Work to complete: Pictures stay out; everything else in the records below is copied exactly.

________________________________________

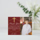 Dê aos seus amigos e família uma nota de obrigados com este obrigado de comunhão Burgundy 1rua que você fotografou. Este cartões de agradecimentos de comunhão apresenta um fundo rico e cheio de burlômetros com uma bela cruz de ouro. Adicione uma nota de obrigados, a assinatura do seu filho, assim como uma foto do seu filho para comemorar a sua Primeira Comunhão, muito especial. Um nome pré-impresso e um endereço de devolução são adicionados convenientemente no verso. Perfeito para a comunhão de 1rua de um menino.
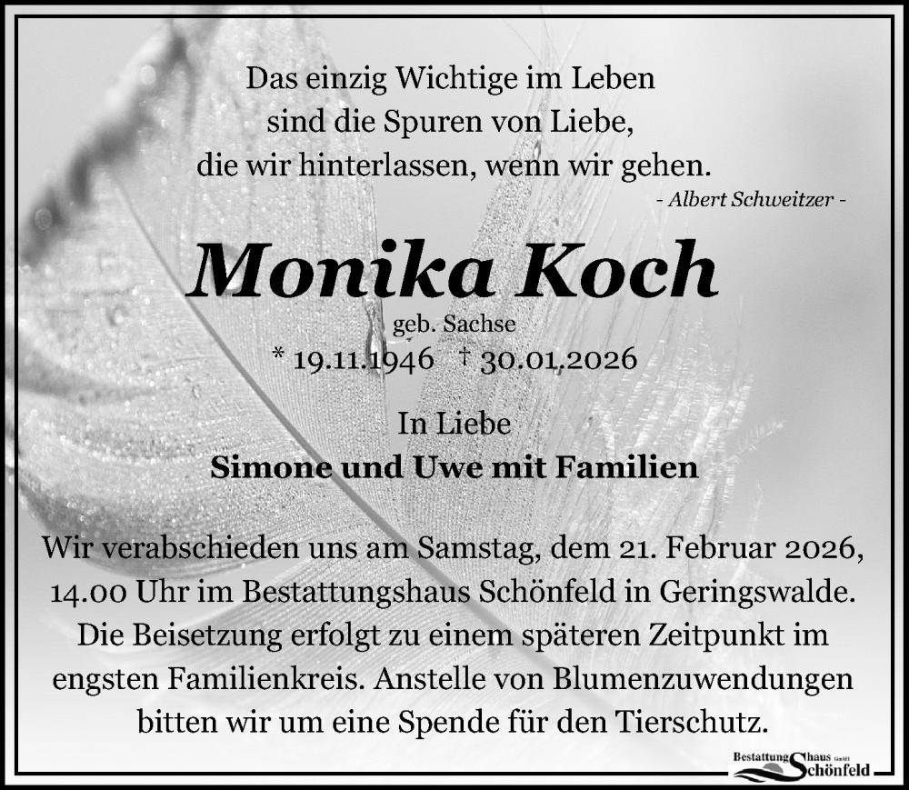 Hier finden Sie alle Traueranzeigen aus der Zeitung, die bisher für Monika Koch erschienen sind. Weitere Traueranzeigen, die in der Zeitung erscheinen, werden hier ebenfalls aufgelistet
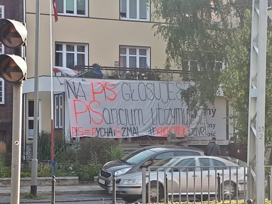 Komitet Obrony Demokracji w Szczecinie dzisiaj rano przed siedzibą Prawa i Sprawiedliwości wywiesił wielką płachtę, której hasła u...
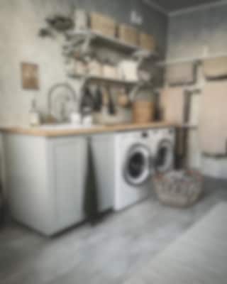 Tvättstugan är tapetserad med tapet från Midbec nr 802122 som tyvärr inte finns längre men liknande tapeter finner man från Midbecs kollektion Kalk. Skåpet i badrummet är målat i kulören NCS S6005-G50Y.
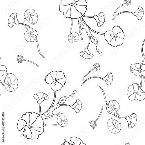 Centella asiatica stems and rounded leaves black white vector seamless pattern. Geranium, pennywort herbal plants hand drawn. Greenery design on repeating background for package, textile, texture.
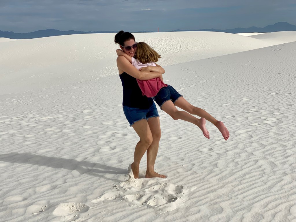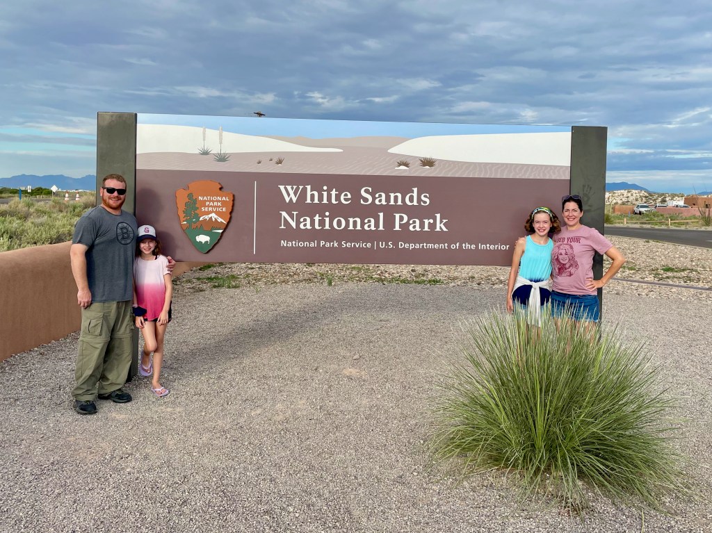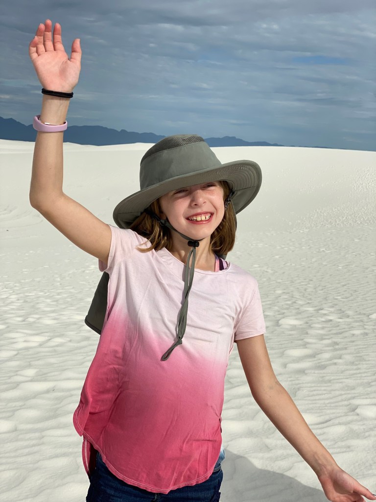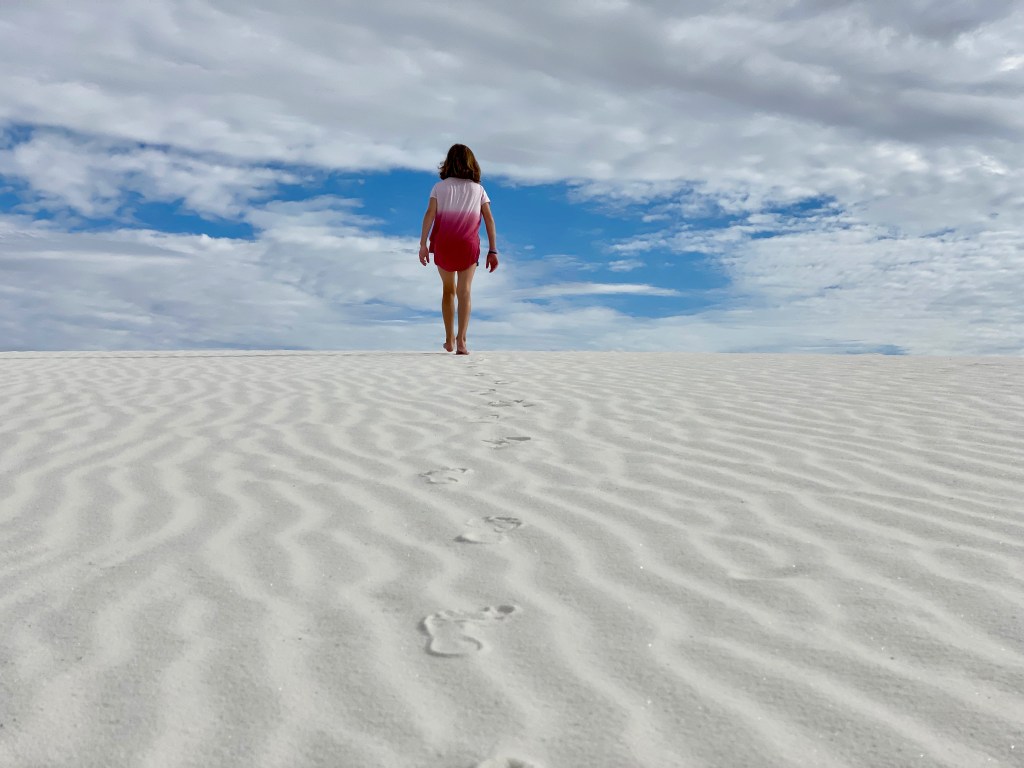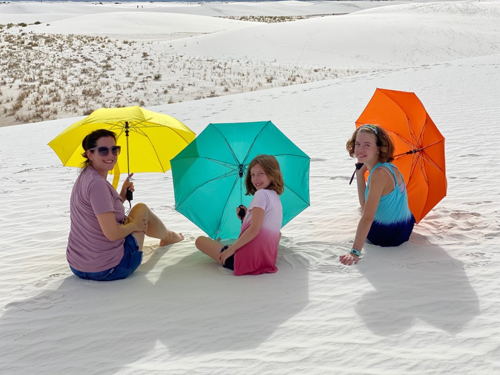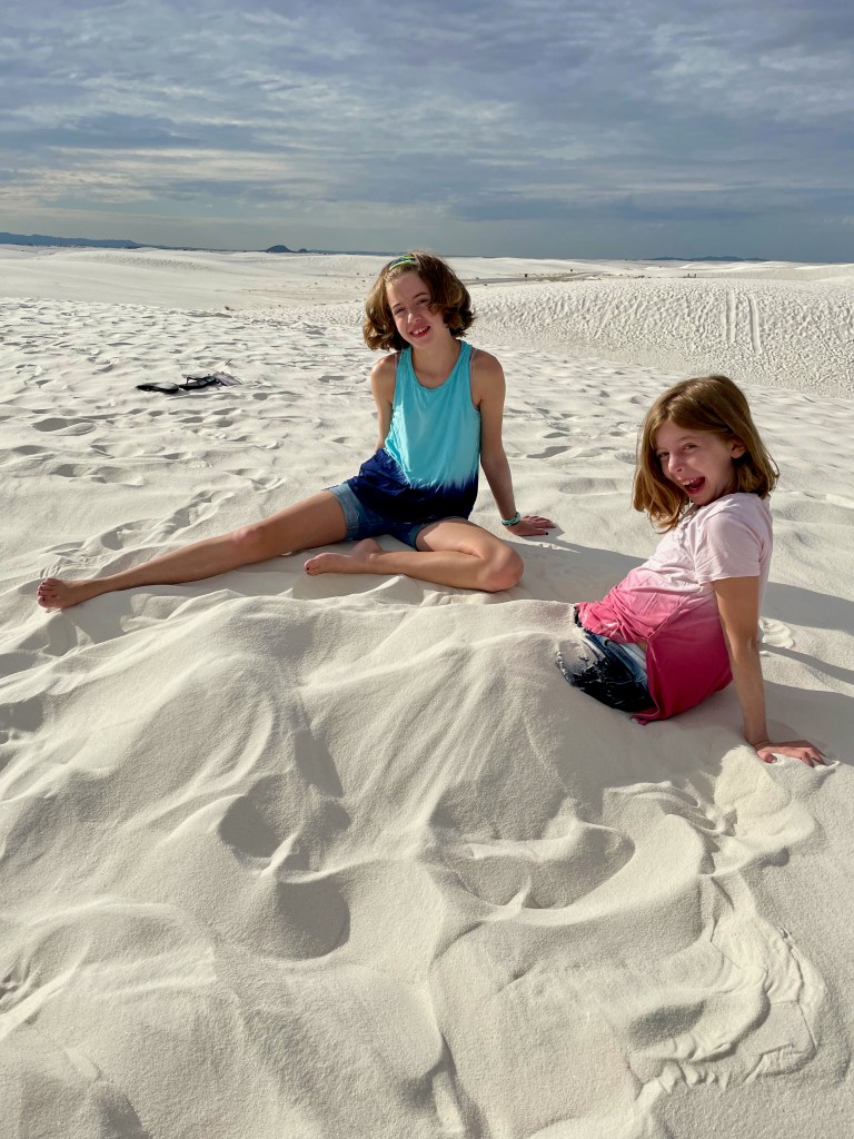 So my plans certainly don’t go exactly as planned and that’s okay. I had grand plans to get to White Sands National Park last night for sunset and again this morning for sunrise. But as we enjoyed our taco dinner last night we saw the sun beginning to set. We did try to get to the park after dinner, but it was already dark by the time we pulled up, oops. The sunset was still gorgeous from Peggy. I thought the kids were being surprisingly good sports about visiting a park during prime game time until they admitted they just wanted to hear more of our book, LOL. We’ve been reading Hunger Games together during the Peggy drives or downtime. It is a great book and something exciting always seems to be happening so I don’t blame them. As for sunrise, well, the sun rises at 6:15 and the park opens at 7 so we enjoyed our morning without a rush. But that’s not to say we still didn’t get there early. We all enjoy doing the fun stuff before the mid-day heat!

________________________________________

Answer to the exercise:
 Dê aos seus amigos e família uma nota de obrigados com este obrigado de comunhão Burgundy 1rua que você fotografou. Este cartões de agradecimentos de comunhão apresenta um fundo rico e cheio de burlômetros com uma bela cruz de ouro. Adicione uma nota de obrigados, a assinatura do seu filho, assim como uma foto do seu filho para comemorar a sua Primeira Comunhão, muito especial. Um nome pré-impresso e um endereço de devolução são adicionados convenientemente no verso. Perfeito para a comunhão de 1rua de um menino.
 Hier finden Sie alle Traueranzeigen aus der Zeitung, die bisher für Monika Koch erschienen sind. Weitere Traueranzeigen, die in der Zeitung erscheinen, werden hier ebenfalls aufgelistet
 Komitet Obrony Demokracji w Szczecinie dzisiaj rano przed siedzibą Prawa i Sprawiedliwości wywiesił wielką płachtę, której hasła u...
 Tvättstugan är tapetserad med tapet från Midbec nr 802122 som tyvärr inte finns längre men liknande tapeter finner man från Midbecs kollektion Kalk. Skåpet i badrummet är målat i kulören NCS S6005-G50Y.
 Centella asiatica stems and rounded leaves black white vector seamless pattern. Geranium, pennywort herbal plants hand drawn. Greenery design on repeating background for package, textile, texture.
 So my plans certainly don’t go exactly as planned and that’s okay. I had grand plans to get to White Sands National Park last night for sunset and again this morning for sunrise. But as we enjoyed our taco dinner last night we saw the sun beginning to set. We did try to get to the park after dinner, but it was already dark by the time we pulled up, oops. The sunset was still gorgeous from Peggy. I thought the kids were being surprisingly good sports about visiting a park during prime game time until they admitted they just wanted to hear more of our book, LOL. We’ve been reading Hunger Games together during the Peggy drives or downtime. It is a great book and something exciting always seems to be happening so I don’t blame them. As for sunrise, well, the sun rises at 6:15 and the park opens at 7 so we enjoyed our morning without a rush. But that’s not to say we still didn’t get there early. We all enjoy doing the fun stuff before the mid-day heat!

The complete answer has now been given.